Because you’re financially tied to the farm or group of farms supported by your CSA, you may have less choice over what kinds of produce you get, and will definitely be eating what is seasonally available! Although some CSAs allow for flexibility in choice of food, you’re still beholden to some extent to the types of food that the farm grows or sets aside for your shares. It’s not a great system if you’re a picky eater, but can be a lot of fun for more adventurous home cooks. While differing throughout the season, your weekly share will usually contain at least four different vegetable varieties, in a generous quantity.
Why you might consider joining a CSA
As an environmentally minded person, joining a CSA means you know exactly where your food is coming from, and how it’s being produced. Most CSAs receive all their produce from one farm, and there are often options to buy additional shares of eggs, meat, fruit, or cheese, depending on what the farm focuses on. You get to support a local business, and have a window into what is involved in the typical growing season for a small, usually family-run farm business. It’s a fantastic learning experience!
Many CSAs organize trips for members to visit their principle farm, where you may get the chance to meet the farm’s staff and ask them about their work. In addition, your contribution means a lot to the farm’s financial security — everything from weather conditions to pest outbreaks to slow days at the farmers market can make a small farm vulnerable and their financial stability a fragile thing.
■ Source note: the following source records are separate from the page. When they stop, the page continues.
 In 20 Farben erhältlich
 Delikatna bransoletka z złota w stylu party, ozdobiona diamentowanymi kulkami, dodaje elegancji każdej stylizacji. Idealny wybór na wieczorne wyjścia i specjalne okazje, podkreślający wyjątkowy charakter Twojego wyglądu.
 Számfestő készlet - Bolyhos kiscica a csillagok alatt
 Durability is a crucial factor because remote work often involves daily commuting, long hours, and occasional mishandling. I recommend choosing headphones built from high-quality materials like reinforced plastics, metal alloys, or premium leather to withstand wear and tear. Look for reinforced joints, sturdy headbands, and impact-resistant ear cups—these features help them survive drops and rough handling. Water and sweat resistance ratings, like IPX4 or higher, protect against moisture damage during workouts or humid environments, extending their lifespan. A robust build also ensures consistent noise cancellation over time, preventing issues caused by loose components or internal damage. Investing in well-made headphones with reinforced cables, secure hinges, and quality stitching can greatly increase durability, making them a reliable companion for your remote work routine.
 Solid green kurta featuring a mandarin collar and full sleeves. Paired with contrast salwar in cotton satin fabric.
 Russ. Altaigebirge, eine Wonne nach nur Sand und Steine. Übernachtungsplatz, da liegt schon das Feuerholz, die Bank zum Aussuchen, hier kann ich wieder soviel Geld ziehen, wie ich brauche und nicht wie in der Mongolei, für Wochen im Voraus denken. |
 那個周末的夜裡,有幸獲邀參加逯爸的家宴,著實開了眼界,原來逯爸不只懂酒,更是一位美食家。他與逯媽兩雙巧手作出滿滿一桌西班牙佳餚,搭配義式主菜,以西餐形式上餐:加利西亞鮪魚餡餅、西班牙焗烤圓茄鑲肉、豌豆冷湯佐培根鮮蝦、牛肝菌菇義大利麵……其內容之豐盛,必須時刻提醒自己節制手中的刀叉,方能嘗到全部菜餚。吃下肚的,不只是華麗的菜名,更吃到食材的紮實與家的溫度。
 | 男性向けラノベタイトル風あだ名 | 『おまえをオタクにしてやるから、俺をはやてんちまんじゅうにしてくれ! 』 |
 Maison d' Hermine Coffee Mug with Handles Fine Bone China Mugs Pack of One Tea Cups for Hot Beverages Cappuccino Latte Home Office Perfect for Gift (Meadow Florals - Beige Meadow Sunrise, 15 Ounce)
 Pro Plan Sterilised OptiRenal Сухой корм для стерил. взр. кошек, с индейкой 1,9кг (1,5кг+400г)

Paying for your food shares up front (or via regular installments, depending on what kind of payment plans are offered), ensures them sales throughout the season, and some amount of predictable income.
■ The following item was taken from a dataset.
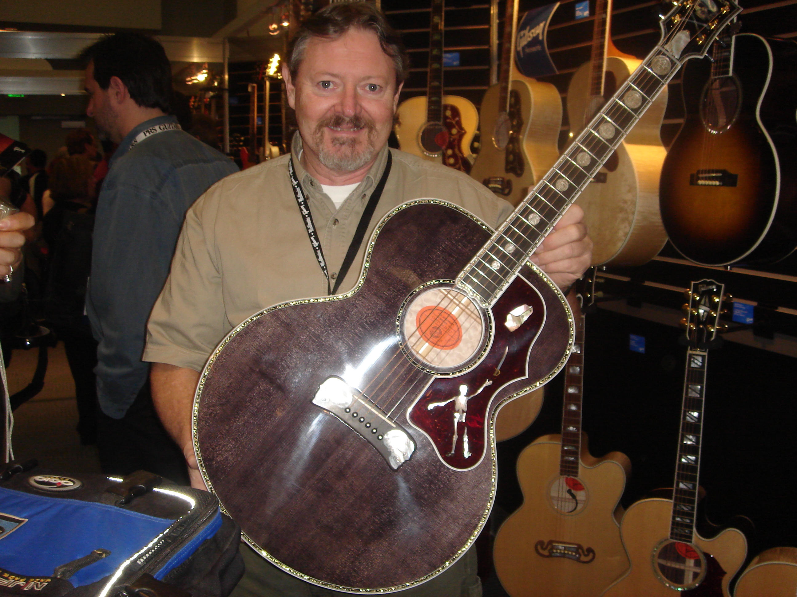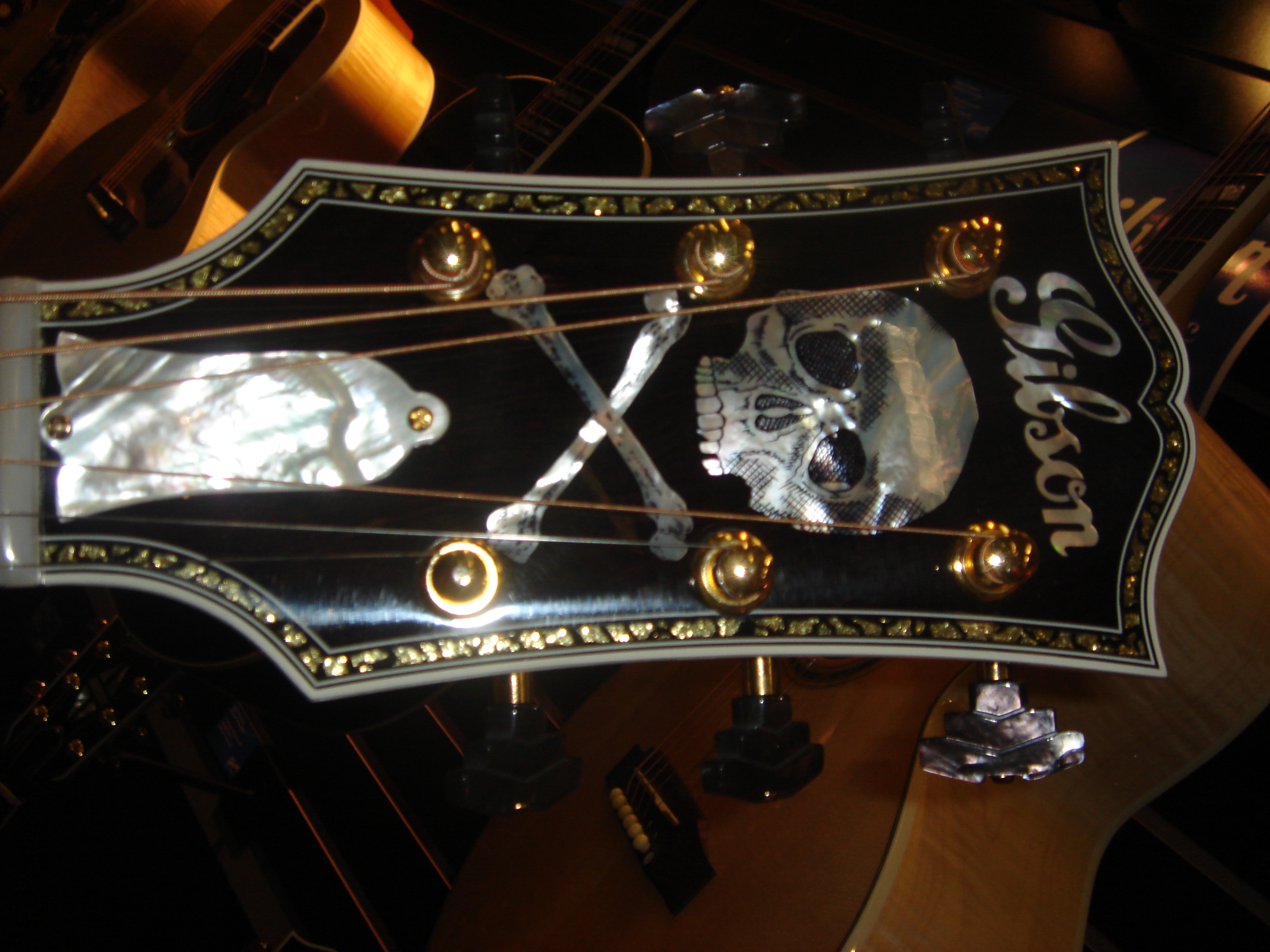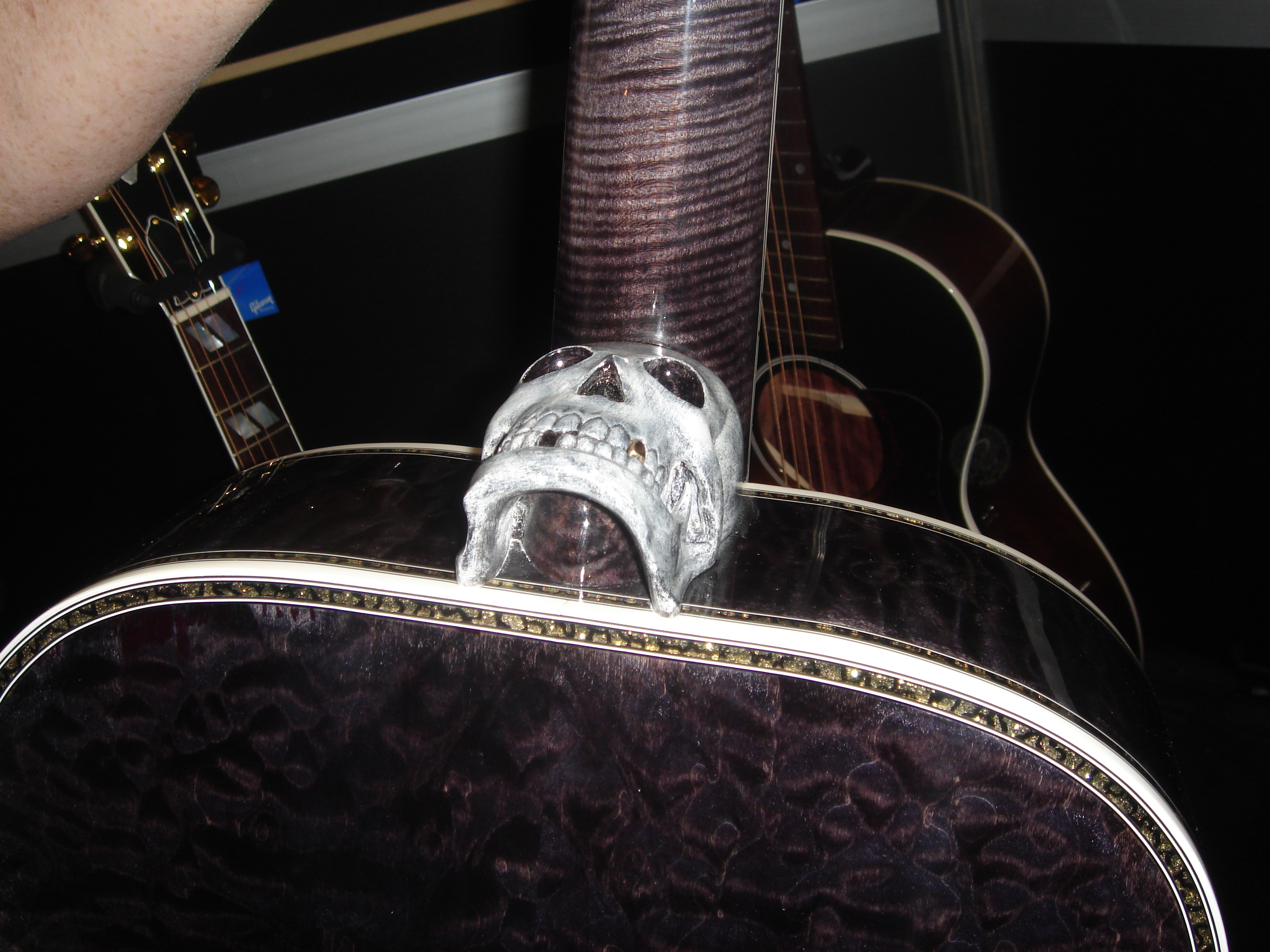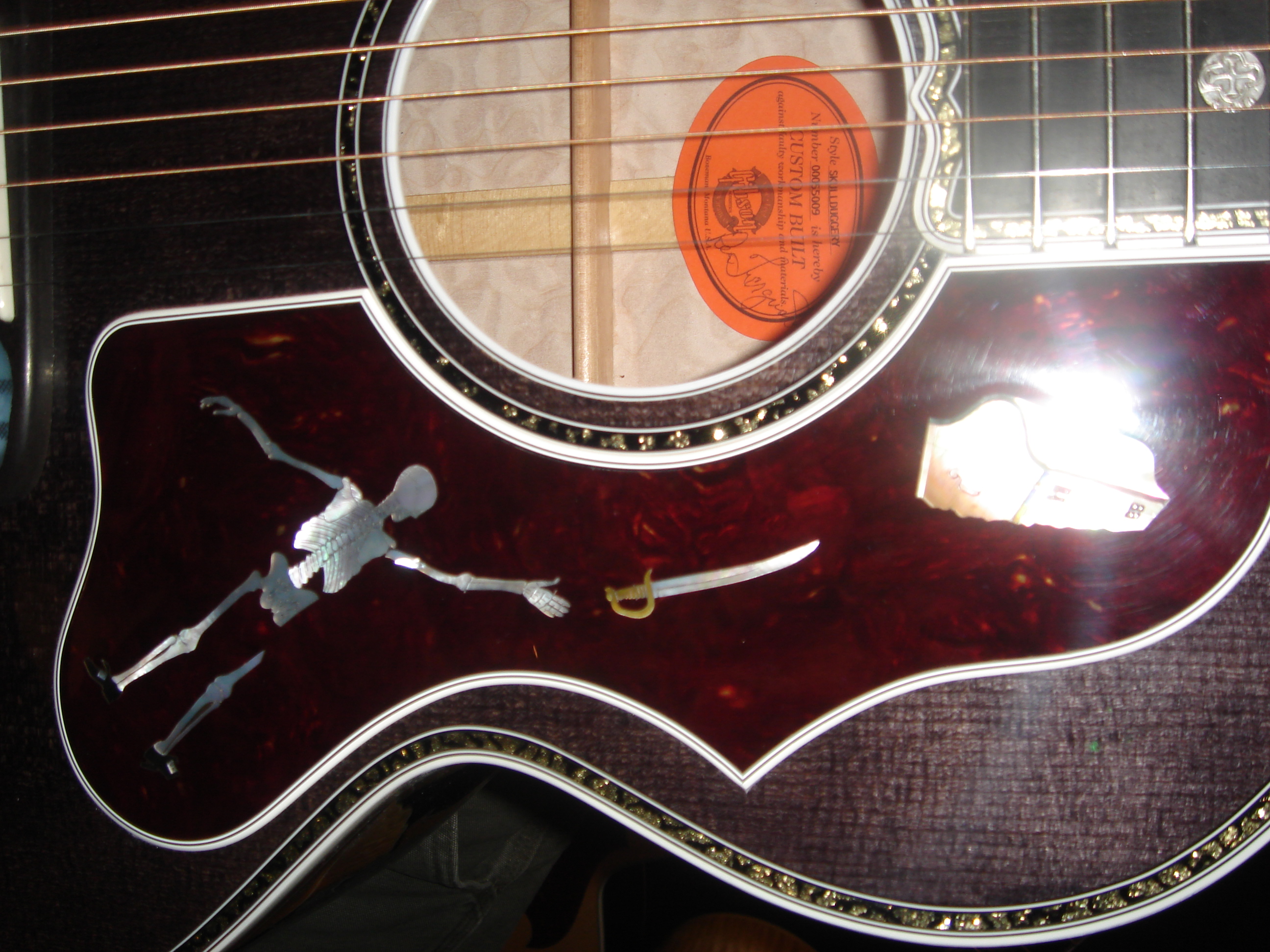 A pirate themed guitar complete with a hand carved skull at the heel. I’ve always loved making these guitars and each tells their own story

Thinking about living green, you can choose to support a local farm which follows environmentally friendly growing practices or which raises meat ethically, if you choose to go that route. It’s one of the best ways of ensuring that your food is healthy and meets your “green” expectations. Buying local is also a great way to reduce the carbon emissions produced by transporting your food long distances. You know your food is always going to be fresh and in season!
So how can you get involved in a CSA?
The best place to start is by searching online for a local CSA. Thanks to the internet, it’s easier than ever to find CSAs operating in your area, learn about them, and decide whether to throw your lot in with a local farmer. There are many state-wide directories of CSAs that you can search, and a wealth of information available about the experience of being part of one.
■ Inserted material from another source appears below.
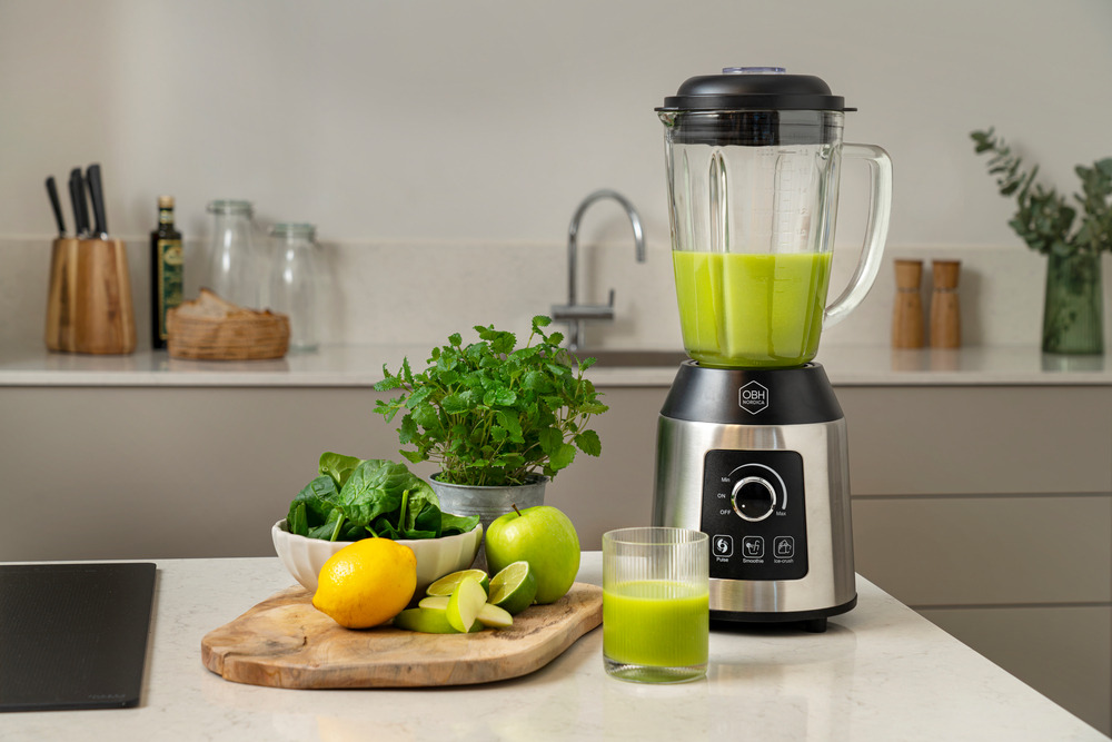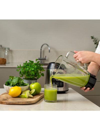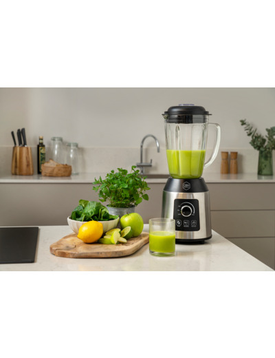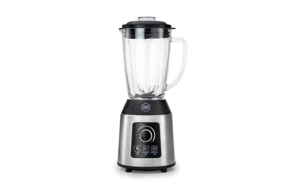 With the stepless controller, you can easily set your desired blending speed. The powerful 1,000 W motor in the Sharp Mix blender can effectively blend your smoothies with ice. The 1.8-liter glass jug of this blender can withstand hot liquids up to 50°C.

A CSA usually runs like a co-op, so there may be a required volunteer shift or two. This is a time commitment, but lowers the administrative cost of the CSA for everyone who is a part of it. You can also take the opportunity to get more involved, if you like organizing group activities or have suggestions for improvements to the pickup process, etc. If you want to get more active in a good food cause, this is a great opportunity, and you’ll often also get to chat with your neighbors during pick-up times and make more bonds in your community.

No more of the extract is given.